THE PROBLEM – Could you please write out each line of the records exactly, minus the pictures?

*** Begin section ***

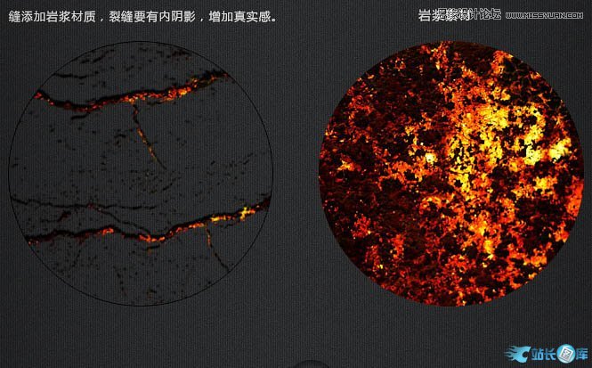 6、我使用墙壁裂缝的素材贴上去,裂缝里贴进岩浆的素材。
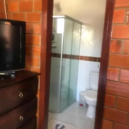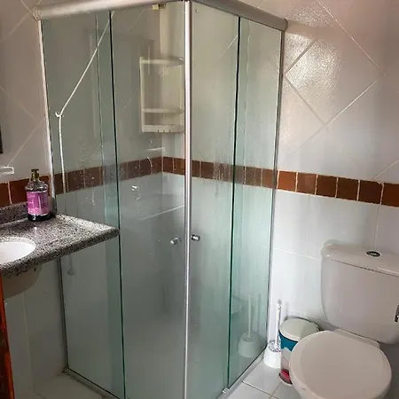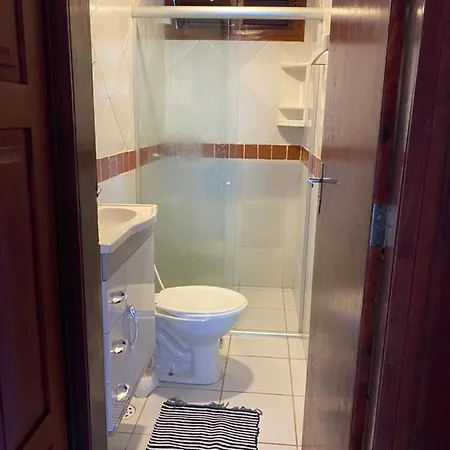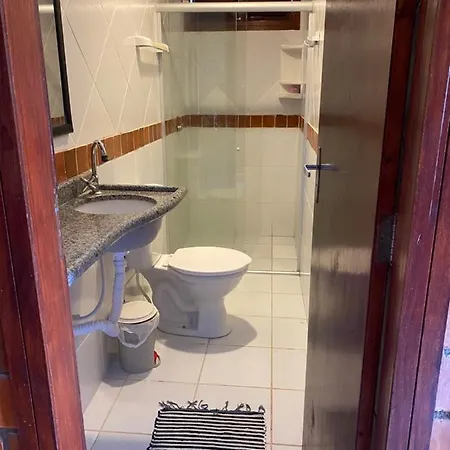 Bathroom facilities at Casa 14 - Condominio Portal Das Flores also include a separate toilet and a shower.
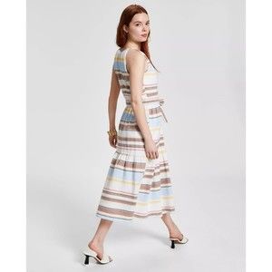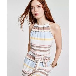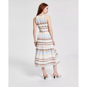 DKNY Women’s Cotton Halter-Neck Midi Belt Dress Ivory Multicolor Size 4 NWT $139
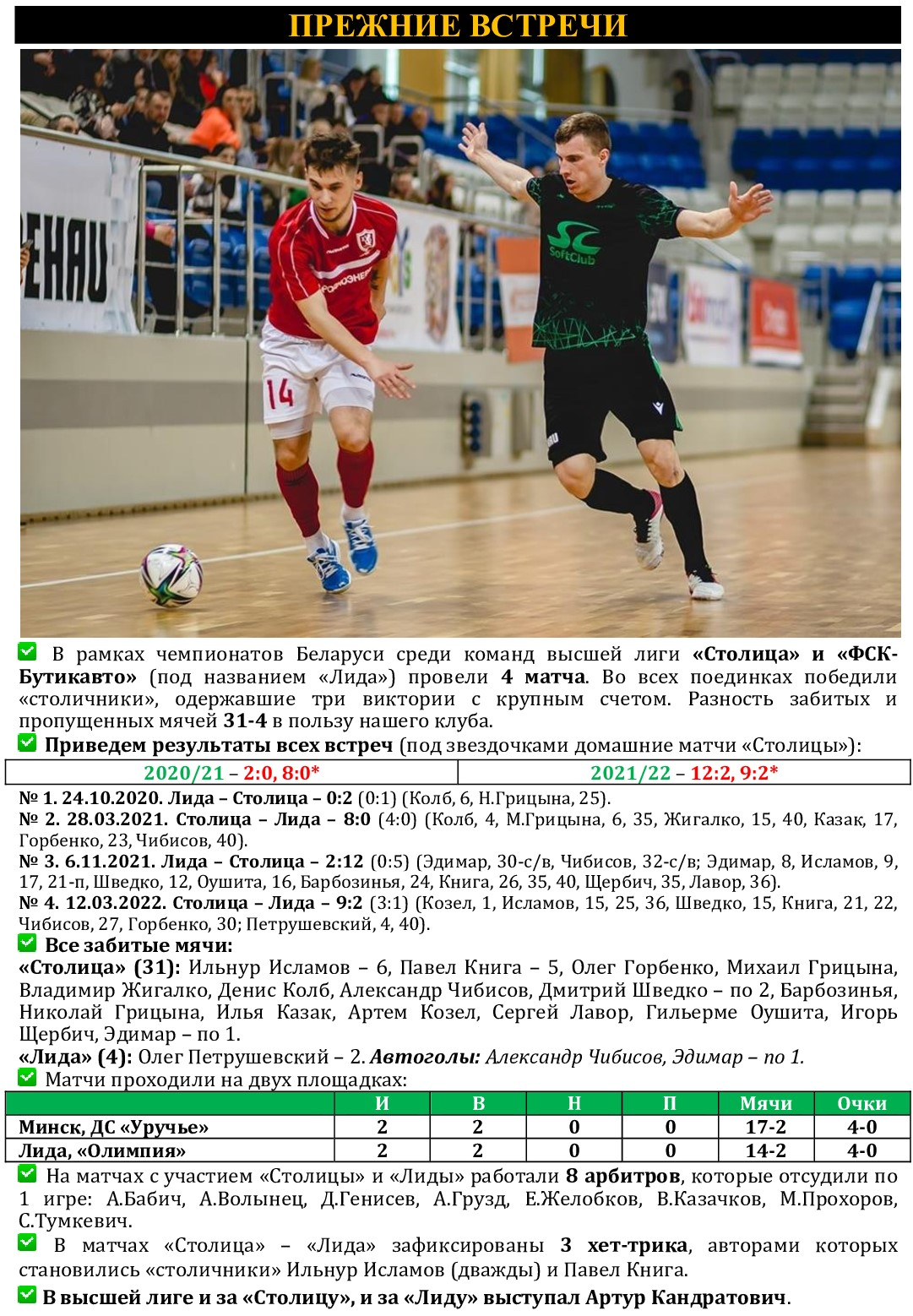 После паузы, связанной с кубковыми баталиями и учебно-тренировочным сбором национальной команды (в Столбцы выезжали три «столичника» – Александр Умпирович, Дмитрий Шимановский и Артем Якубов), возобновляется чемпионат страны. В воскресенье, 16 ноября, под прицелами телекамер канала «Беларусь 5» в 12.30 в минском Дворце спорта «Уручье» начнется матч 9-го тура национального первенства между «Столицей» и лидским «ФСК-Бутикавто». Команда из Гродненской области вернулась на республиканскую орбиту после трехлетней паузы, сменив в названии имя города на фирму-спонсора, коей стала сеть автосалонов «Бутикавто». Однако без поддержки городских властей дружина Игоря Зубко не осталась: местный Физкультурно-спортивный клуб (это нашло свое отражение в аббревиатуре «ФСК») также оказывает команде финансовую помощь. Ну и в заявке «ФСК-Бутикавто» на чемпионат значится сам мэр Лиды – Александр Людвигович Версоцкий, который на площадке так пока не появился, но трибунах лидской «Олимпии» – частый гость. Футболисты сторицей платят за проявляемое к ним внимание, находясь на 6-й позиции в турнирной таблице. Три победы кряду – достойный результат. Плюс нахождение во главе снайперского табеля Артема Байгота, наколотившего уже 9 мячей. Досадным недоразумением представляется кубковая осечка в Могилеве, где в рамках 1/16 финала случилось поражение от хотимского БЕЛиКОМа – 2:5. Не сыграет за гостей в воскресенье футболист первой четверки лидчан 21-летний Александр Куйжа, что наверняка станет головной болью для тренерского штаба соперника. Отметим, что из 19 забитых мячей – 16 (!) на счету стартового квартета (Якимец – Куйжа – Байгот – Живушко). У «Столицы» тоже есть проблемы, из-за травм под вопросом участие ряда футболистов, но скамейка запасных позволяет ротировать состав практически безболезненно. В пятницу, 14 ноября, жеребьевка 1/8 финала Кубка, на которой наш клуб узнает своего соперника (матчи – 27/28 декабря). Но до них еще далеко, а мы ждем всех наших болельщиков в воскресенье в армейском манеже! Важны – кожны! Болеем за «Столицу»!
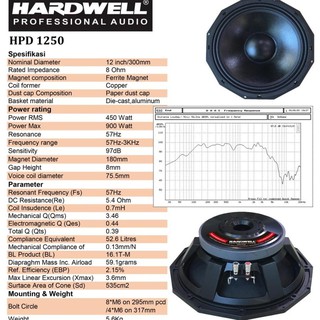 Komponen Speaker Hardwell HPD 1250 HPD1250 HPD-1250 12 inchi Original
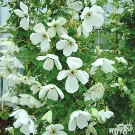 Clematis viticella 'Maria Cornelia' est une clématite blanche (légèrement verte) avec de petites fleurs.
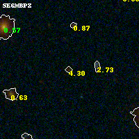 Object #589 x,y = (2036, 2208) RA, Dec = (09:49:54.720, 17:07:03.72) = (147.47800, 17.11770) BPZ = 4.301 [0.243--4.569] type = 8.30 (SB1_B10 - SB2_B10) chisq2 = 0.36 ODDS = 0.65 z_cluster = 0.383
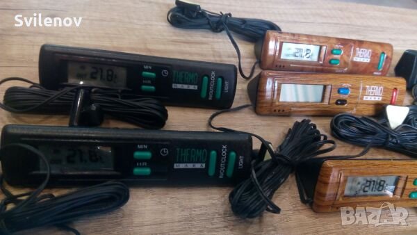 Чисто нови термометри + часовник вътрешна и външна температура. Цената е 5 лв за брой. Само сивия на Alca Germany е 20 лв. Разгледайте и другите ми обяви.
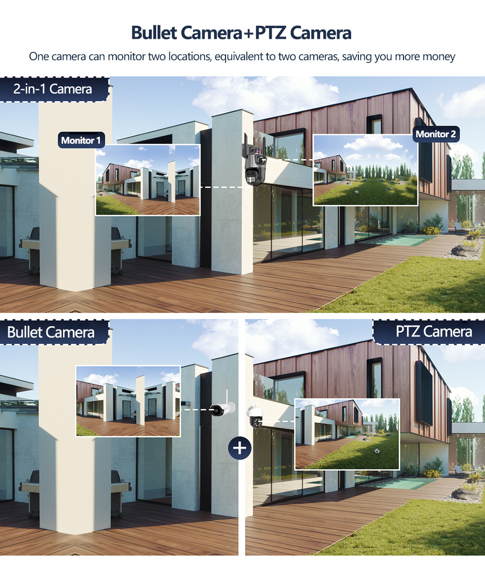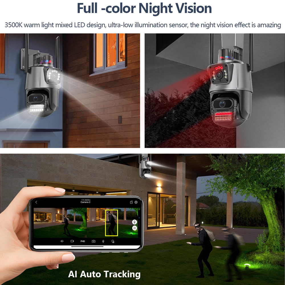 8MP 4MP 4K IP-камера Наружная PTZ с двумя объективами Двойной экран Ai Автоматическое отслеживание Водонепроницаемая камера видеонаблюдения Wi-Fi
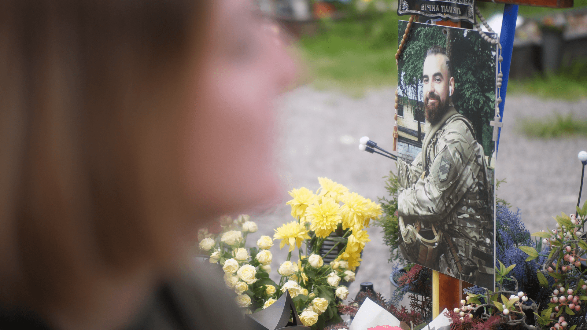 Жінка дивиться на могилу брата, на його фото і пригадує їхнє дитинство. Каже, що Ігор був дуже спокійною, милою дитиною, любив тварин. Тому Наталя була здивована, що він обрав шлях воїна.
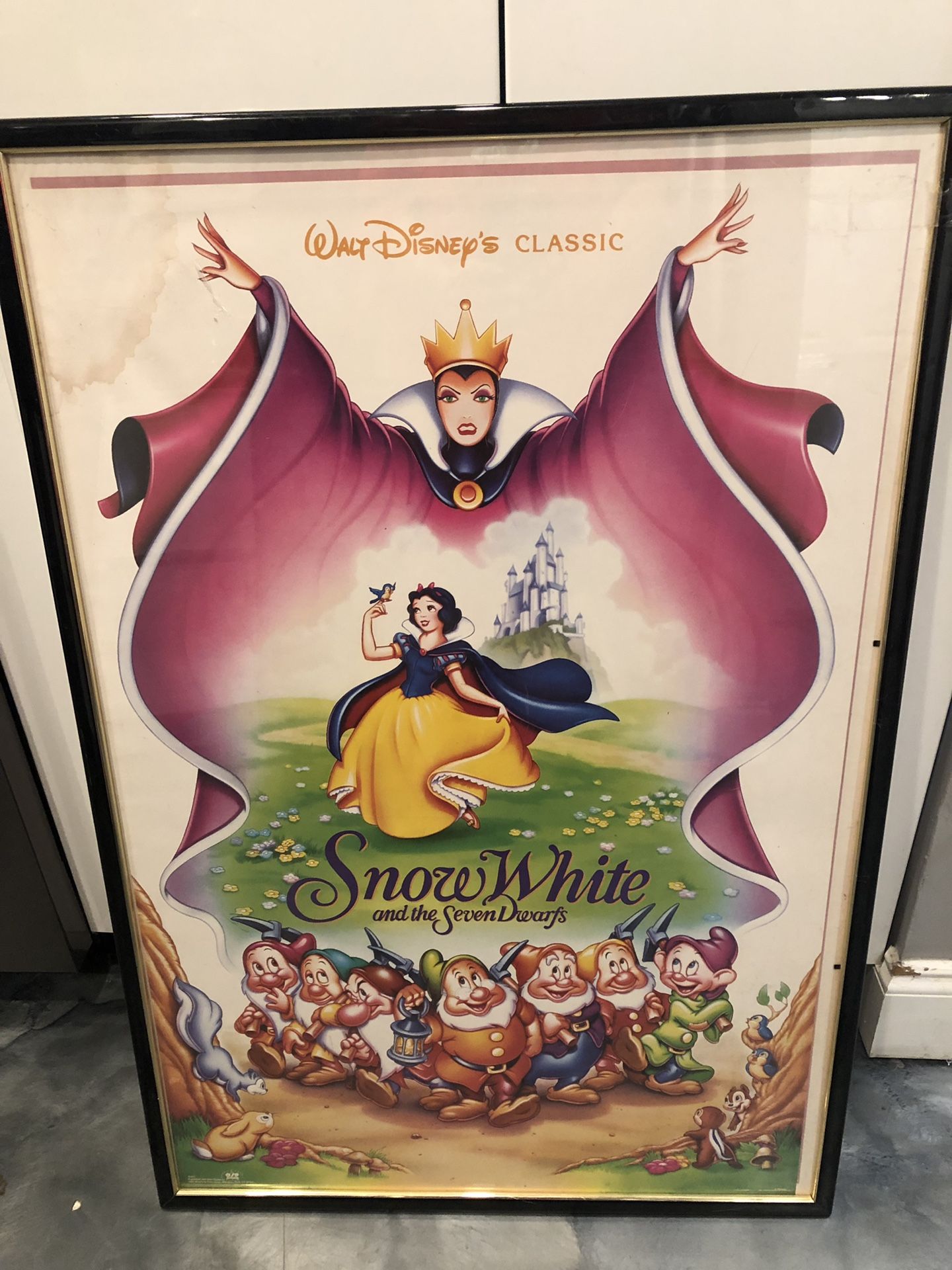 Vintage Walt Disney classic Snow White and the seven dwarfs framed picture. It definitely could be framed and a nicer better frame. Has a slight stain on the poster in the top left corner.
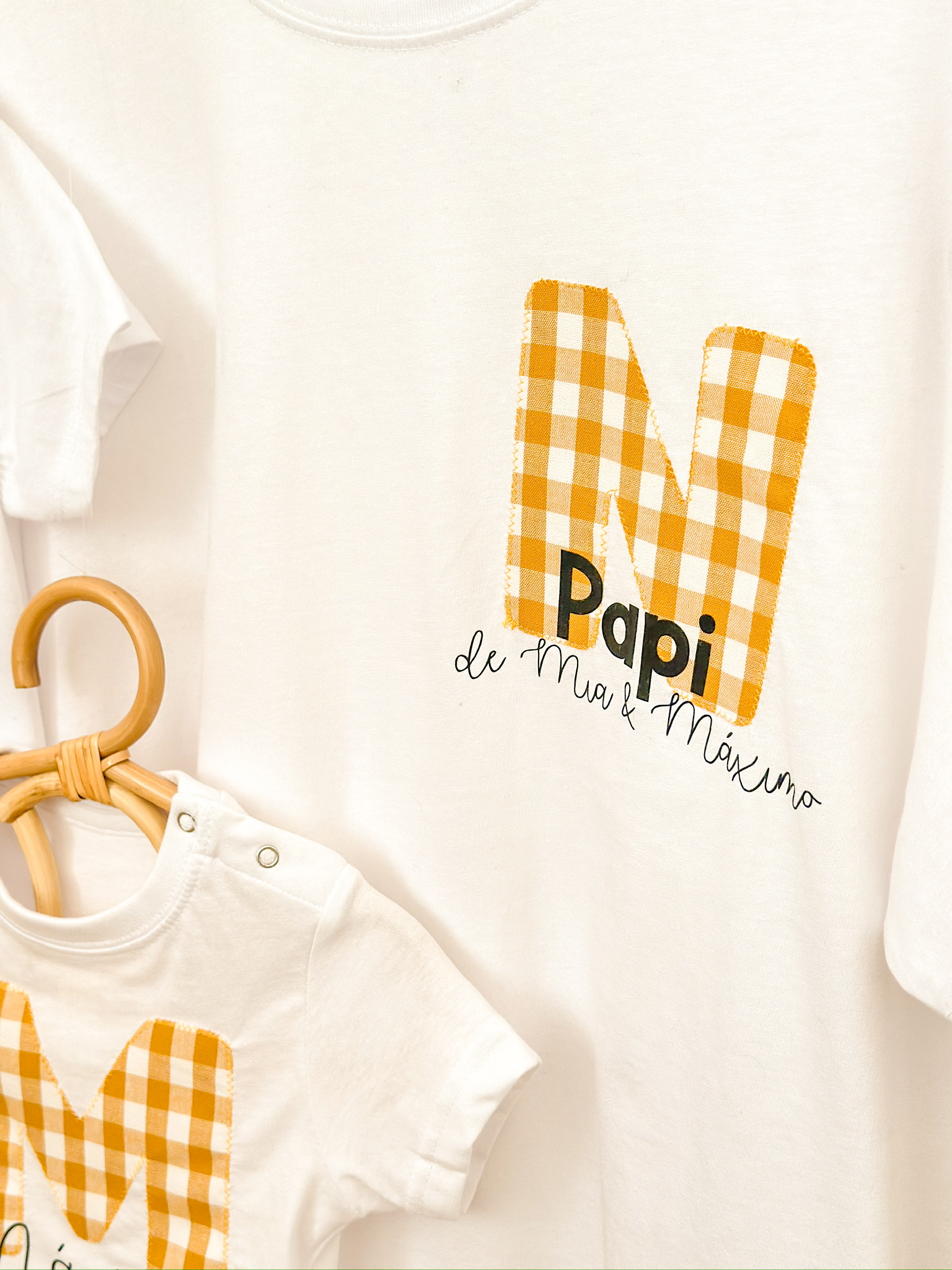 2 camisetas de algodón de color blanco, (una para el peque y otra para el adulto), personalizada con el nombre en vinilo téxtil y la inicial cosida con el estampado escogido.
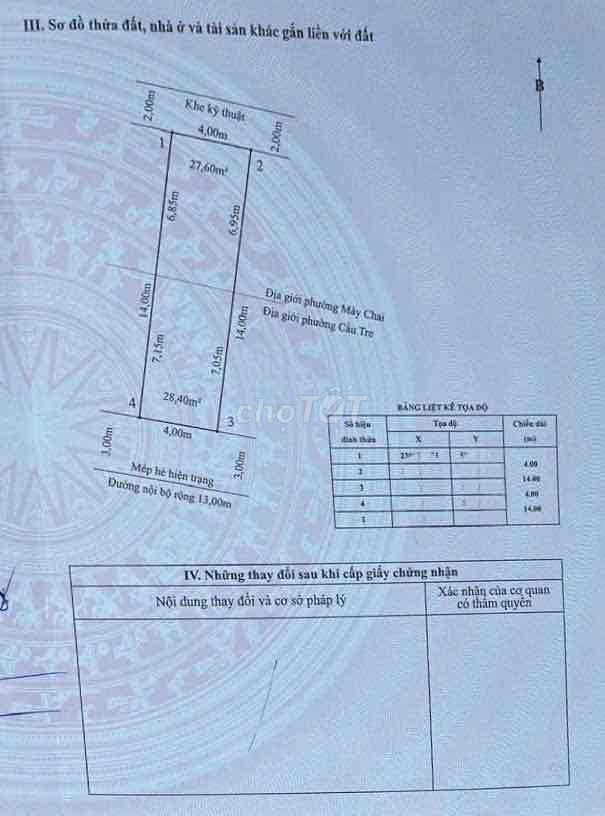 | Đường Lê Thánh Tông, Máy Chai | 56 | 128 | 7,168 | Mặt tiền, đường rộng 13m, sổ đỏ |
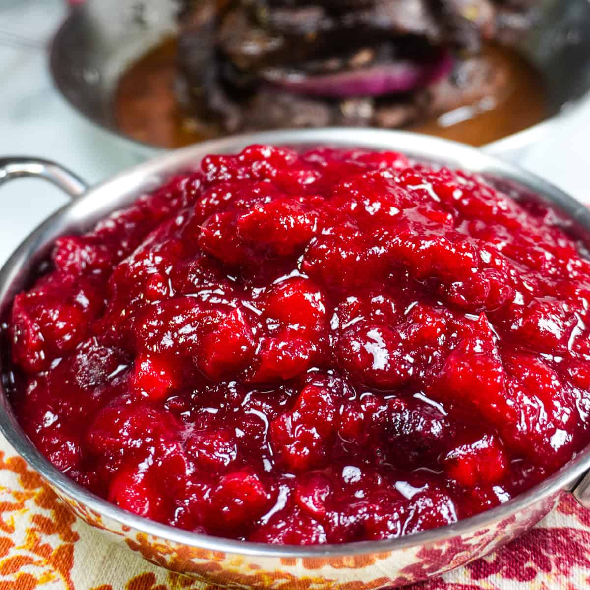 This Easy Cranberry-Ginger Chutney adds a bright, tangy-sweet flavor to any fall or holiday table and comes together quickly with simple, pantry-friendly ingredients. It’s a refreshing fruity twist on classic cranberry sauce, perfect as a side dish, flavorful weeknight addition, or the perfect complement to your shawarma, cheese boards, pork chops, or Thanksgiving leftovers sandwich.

*** End section ***

EXPECTED OUTPUT –
 6、我使用墙壁裂缝的素材贴上去,裂缝里贴进岩浆的素材。
 Bathroom facilities at Casa 14 - Condominio Portal Das Flores also include a separate toilet and a shower.
 DKNY Women’s Cotton Halter-Neck Midi Belt Dress Ivory Multicolor Size 4 NWT $139
 После паузы, связанной с кубковыми баталиями и учебно-тренировочным сбором национальной команды (в Столбцы выезжали три «столичника» – Александр Умпирович, Дмитрий Шимановский и Артем Якубов), возобновляется чемпионат страны. В воскресенье, 16 ноября, под прицелами телекамер канала «Беларусь 5» в 12.30 в минском Дворце спорта «Уручье» начнется матч 9-го тура национального первенства между «Столицей» и лидским «ФСК-Бутикавто». Команда из Гродненской области вернулась на республиканскую орбиту после трехлетней паузы, сменив в названии имя города на фирму-спонсора, коей стала сеть автосалонов «Бутикавто». Однако без поддержки городских властей дружина Игоря Зубко не осталась: местный Физкультурно-спортивный клуб (это нашло свое отражение в аббревиатуре «ФСК») также оказывает команде финансовую помощь. Ну и в заявке «ФСК-Бутикавто» на чемпионат значится сам мэр Лиды – Александр Людвигович Версоцкий, который на площадке так пока не появился, но трибунах лидской «Олимпии» – частый гость. Футболисты сторицей платят за проявляемое к ним внимание, находясь на 6-й позиции в турнирной таблице. Три победы кряду – достойный результат. Плюс нахождение во главе снайперского табеля Артема Байгота, наколотившего уже 9 мячей. Досадным недоразумением представляется кубковая осечка в Могилеве, где в рамках 1/16 финала случилось поражение от хотимского БЕЛиКОМа – 2:5. Не сыграет за гостей в воскресенье футболист первой четверки лидчан 21-летний Александр Куйжа, что наверняка станет головной болью для тренерского штаба соперника. Отметим, что из 19 забитых мячей – 16 (!) на счету стартового квартета (Якимец – Куйжа – Байгот – Живушко). У «Столицы» тоже есть проблемы, из-за травм под вопросом участие ряда футболистов, но скамейка запасных позволяет ротировать состав практически безболезненно. В пятницу, 14 ноября, жеребьевка 1/8 финала Кубка, на которой наш клуб узнает своего соперника (матчи – 27/28 декабря). Но до них еще далеко, а мы ждем всех наших болельщиков в воскресенье в армейском манеже! Важны – кожны! Болеем за «Столицу»!
 Komponen Speaker Hardwell HPD 1250 HPD1250 HPD-1250 12 inchi Original
 Clematis viticella 'Maria Cornelia' est une clématite blanche (légèrement verte) avec de petites fleurs.
 Object #589 x,y = (2036, 2208) RA, Dec = (09:49:54.720, 17:07:03.72) = (147.47800, 17.11770) BPZ = 4.301 [0.243--4.569] type = 8.30 (SB1_B10 - SB2_B10) chisq2 = 0.36 ODDS = 0.65 z_cluster = 0.383
 Чисто нови термометри + часовник вътрешна и външна температура. Цената е 5 лв за брой. Само сивия на Alca Germany е 20 лв. Разгледайте и другите ми обяви.
 8MP 4MP 4K IP-камера Наружная PTZ с двумя объективами Двойной экран Ai Автоматическое отслеживание Водонепроницаемая камера видеонаблюдения Wi-Fi
 Жінка дивиться на могилу брата, на його фото і пригадує їхнє дитинство. Каже, що Ігор був дуже спокійною, милою дитиною, любив тварин. Тому Наталя була здивована, що він обрав шлях воїна.
 Vintage Walt Disney classic Snow White and the seven dwarfs framed picture. It definitely could be framed and a nicer better frame. Has a slight stain on the poster in the top left corner.
 2 camisetas de algodón de color blanco, (una para el peque y otra para el adulto), personalizada con el nombre en vinilo téxtil y la inicial cosida con el estampado escogido.
 | Đường Lê Thánh Tông, Máy Chai | 56 | 128 | 7,168 | Mặt tiền, đường rộng 13m, sổ đỏ |
 This Easy Cranberry-Ginger Chutney adds a bright, tangy-sweet flavor to any fall or holiday table and comes together quickly with simple, pantry-friendly ingredients. It’s a refreshing fruity twist on classic cranberry sauce, perfect as a side dish, flavorful weeknight addition, or the perfect complement to your shawarma, cheese boards, pork chops, or Thanksgiving leftovers sandwich.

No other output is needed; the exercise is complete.